While many of us in Southern Nevada want to travel this time of year, many of the go-to places are now too cold, or covered too deeply with snow, to enjoy much time outdoors. But you won’t have that problem if you head down into the Sonoran Desert and Tucson, Arizona. Almost as far south as you can go in Arizona, winter weather there is luxuriously pleasant.
The two highlights that outdoor lovers should not miss are Saguaro National Park and the Arizona-Sonoran Desert Museum. Just as the sprawling Joshua tree is a signature plant for our Mojave Desert, the towering saguaro cactus (Carnegiea gigantean) is the signature of the Sonoran Desert. In fact, many visitors from foreign nations, when they dream of visiting the American West depicted in films and cartoons, conjure up the iconic image of the saguaro. That’s to be expected, for saguaros are the largest cactus in the United States, with mature plants reaching 40 feet or more.
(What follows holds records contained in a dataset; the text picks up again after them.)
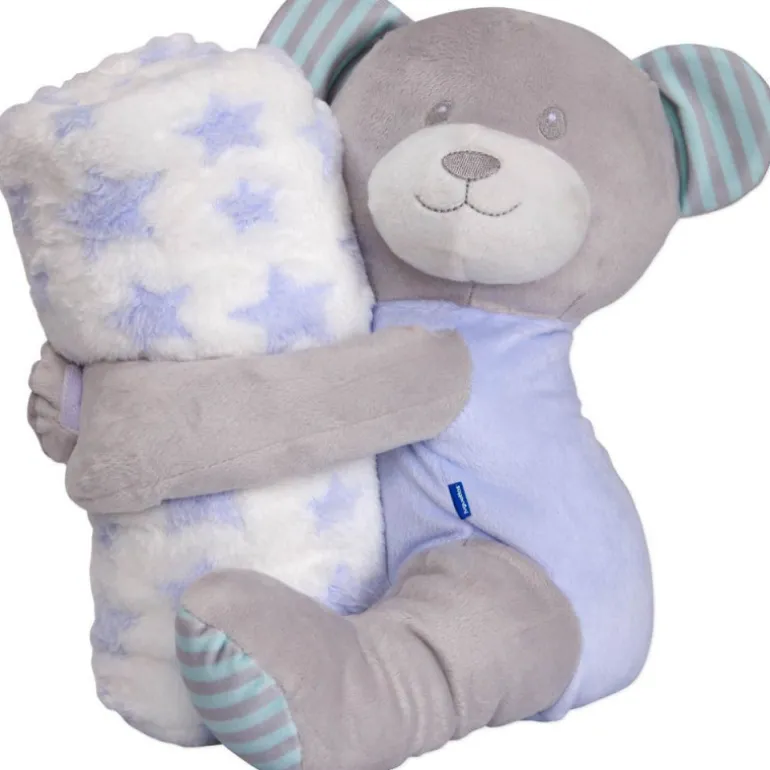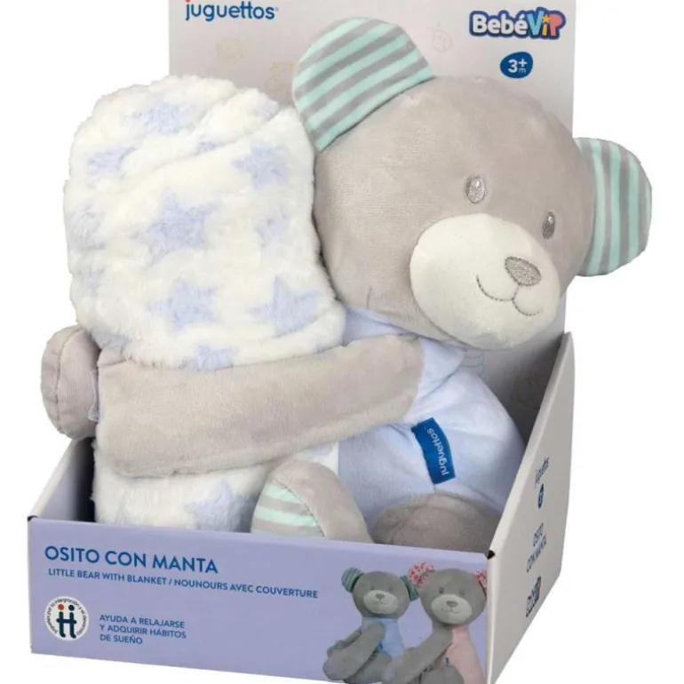 Este osito es blandito y tu bebé podrá abrazarlo para sentirse acompañado y que le resulte más fácil dormir en su cama o cuna. Además incluye una manta muy agradable para arroparle.
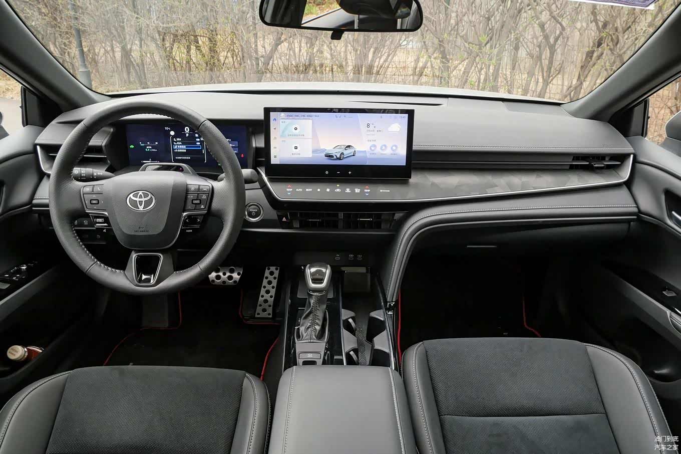 针对年轻消费市场,第9代凯美瑞提供三种外观设计,以及独特的赛博灰车身色。由于拍摄时天气原因,关于这款漆面的魅力只能有待用户们自行挖掘。我们的试驾车拥有2825毫米轴距和4950毫米车长,可以轻松搭载5名成人。车内,中央扶手区域经过了简化,变得更加的工整。挡杆前方设有手机无线充电装置,右侧提供体积巨大的储物槽。中央扶手箱空间较大,仪表台左侧的储物盒以及各种杯架等设置都很齐全。
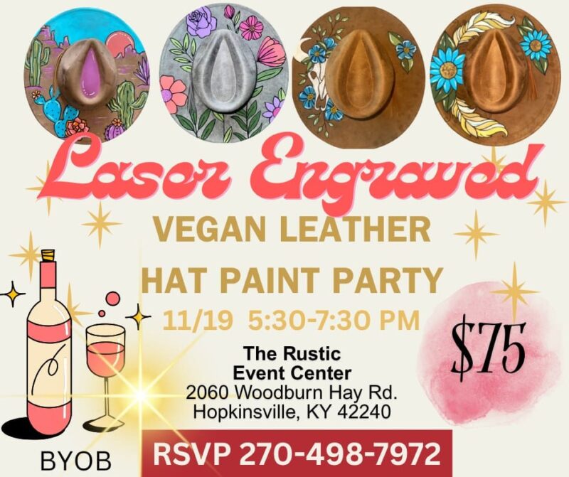 We are excited to invite you to our 2nd Laser Engraved Hat Paint Party. During this event, participants will have the opportunity to work on a vegan leather hat that is already laser engraved. Hats are available in 4 colors (Mocha, Gray, Khaki and Camel). The hats feature an adjustable ribbon and they fit 20-24.5"…
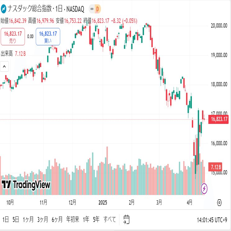 NASDAQ総合指数は16823.17ポイントでした。ハイテク株を中心に構成されるNASDAQ、アップルやエヌビディアなど、半導体を輸入に頼る企業が多く、米トランプ大統領の相互関税の影響を受けました。
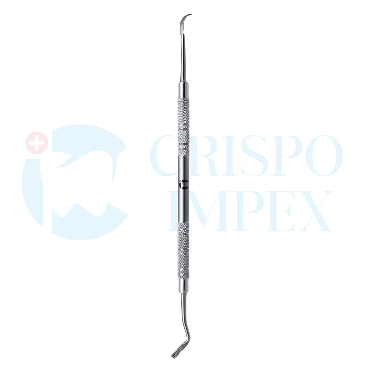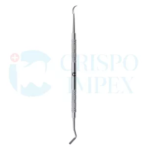 A versatile Instrument, featuring a flat thinned down tip to aid in band placement and a scaler on the other end to scrap off any excess cement.
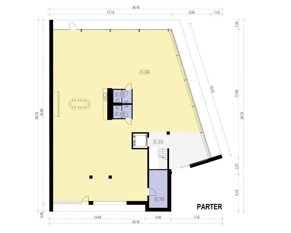 Projekt wymaga indywidualnych ustaleń przeznaczenia obiektu oraz wysokości pomieszczeń.
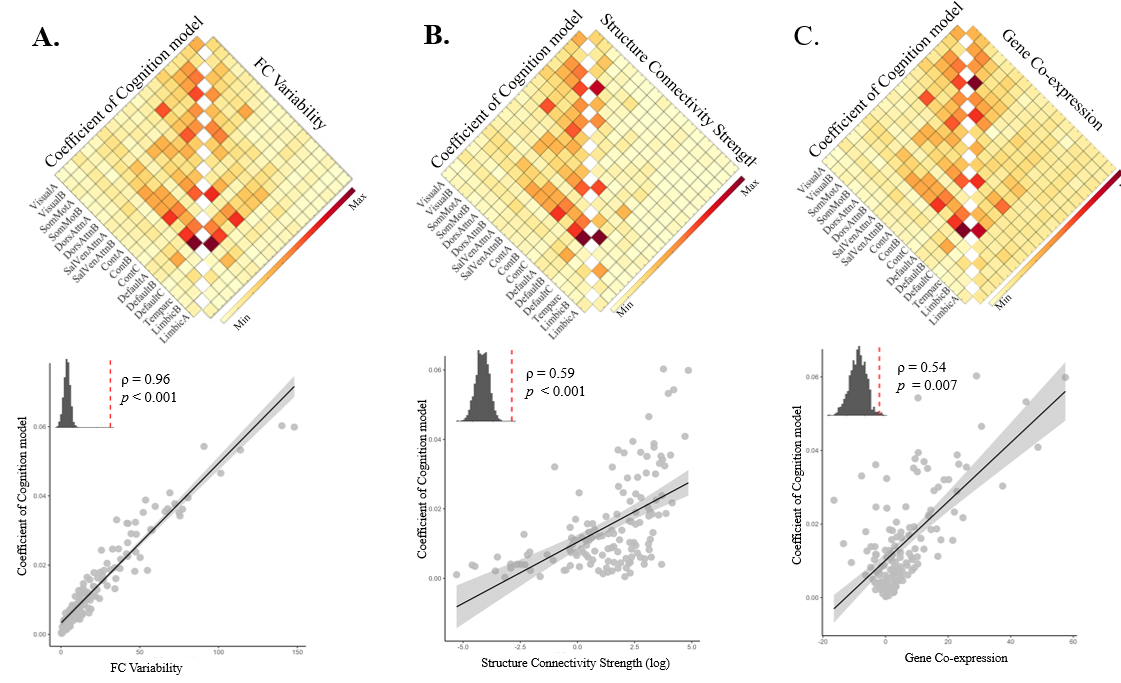 最后,本研究進一步探索了支持廣泛認知功能的腦網絡的結構連接基礎以及該網絡腦區間的基因表達相似性。結果發現,這些關鍵功能連接不僅表現出高度的變異性,還具有明確的結構連接基礎和相似的基因表達模式(見圖3)。這種功能連接的變異性可能反映了大腦的神經適應性和靈活性,有助于應對各種復雜的認知任務。該組網絡主要位于高級聯合皮層,其作為信息整合的樞紐,在復雜認知功能中發揮著關鍵作用,可能是人類認知靈活性的基礎。這組功能連接表現出的強結構連接和相似的基因表達模式,可能提示這組功能網絡具有遺傳基礎,為理解個體間認知能力差異提供了新的視角。
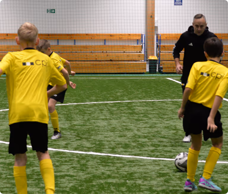 Na jednego trenera przypada maksymalnie 10 dzieci. Trener widzi każdego zawodnika, koryguje błędy na bieżąco i zna mocne strony Twojego dziecka. U nas nie ma sytuacji, gdzie 20-30 dzieci jest pod opieką jednej osoby.

Look at some of the smaller ones, perhaps 2 feet tall and ponder the fact they might be 30 years old. The first arms on a saguaro might not appear until the plant is 50 to 100 years old.
The best place to see saguaros, agreeably growing in high numbers, is Saguaro National Park. There are more than 1.5 million of them here. This park is split into two districts: the Tucson Mountain District lies west of Tucson and the Rincon District to the east. Both are worth seeing. I prefer the Rincon district and its trails, but it takes about 20 minutes longer to drive to it from the interstate.
There are 165 miles of trails in the two districts, from easy strolls to multiday adventures where you can immerse yourself in the Sonoran Desert environment. You are welcome to walk into either district of the park 24 hours a day, but vehicles are allowed in the Tucson Mountain District only from sunrise to sunset and only 7 a.m. to sunset in the Rincon Mountain District. Contact www.nps.gov/sagu, or call 520-733-5153, for more information.
If you are very fortunate while in the Sonoran Desert, you could possibly see a cristate or crested saguaro cactus. Experts don’t agree on what causes this rare form. Is this fan-shaped saguaro a genetic mutation, or the result of freezing or perhaps a lightning strike? But if you see one consider yourself lucky for only 25 have been found among more than a million in the park.
The next logical place to visit would be the 98-acre Arizona-Sonora Desert Museum. It lies 14 miles west of the city, yet only 2 miles from Saguaro National Park West Visitors Center. This is primarily an outdoor museum where 85 percent of the exhibits lie along walking trails. Two miles of paths, gravel and paved, pass by more than 55,000 plants of 1,200 native species. The trails will take you to native habitats like the mountain woodland area and the desert grasslands.
You can also consider this place a zoo for it is home to more than 200 native bats, other mammals, reptiles, amphibians, insects and birds. Currently, these include a mountain lion, black bear, Mexican gray wolves and Merriam turkeys. Be sure to keep an eye out for the javelina (collared peccary) on the half-mile Desert Loop Trail. I have found them hanging out on the west side of the loop under and near the bridge.
One of my favorite exhibits was the hummingbird aviary. There are many species of the bird and some of them actually landed on my head, probably because I was wearing a red cap that must have looked, to a hummingbird, like a big, nectar-filled flower. Plan to allow at least two or three hours for a visit here, and a little more if you wear a red hat.
The museum is open year-round, daily, with seasonal hours through February, from 8:30 a.m. to 5 p.m. For more information, visit www.desertmuseum.org or call 520-883-2702.
Many of Deborah Wall’s columns have been compiled into books about hiking in the Southwest. She is also the author of “Great Hikes, a Cerca Country Guide” and a co-author of the book “Access For All, Seeing the Southwest With Limited Mobility.” Wall can be reached at Deborabus@aol.com.
From Boulder City, drive south on U.S. Highway 93 76 miles to Kingman, Arizona. Merge onto Interstate 40 E/U.S. 93 S and drive 22 miles. Merge onto U.S. 93 toward Phoenix. Drive 105 miles and take the exit for U.S. Highway 60 E. Drive 38 miles and merge onto Arizona Route 101 S/Loop 101 S/Agua Fria Freeway S. Travel 9 miles, then merge onto Interstate 10 E. Drive 124 miles to Tucson.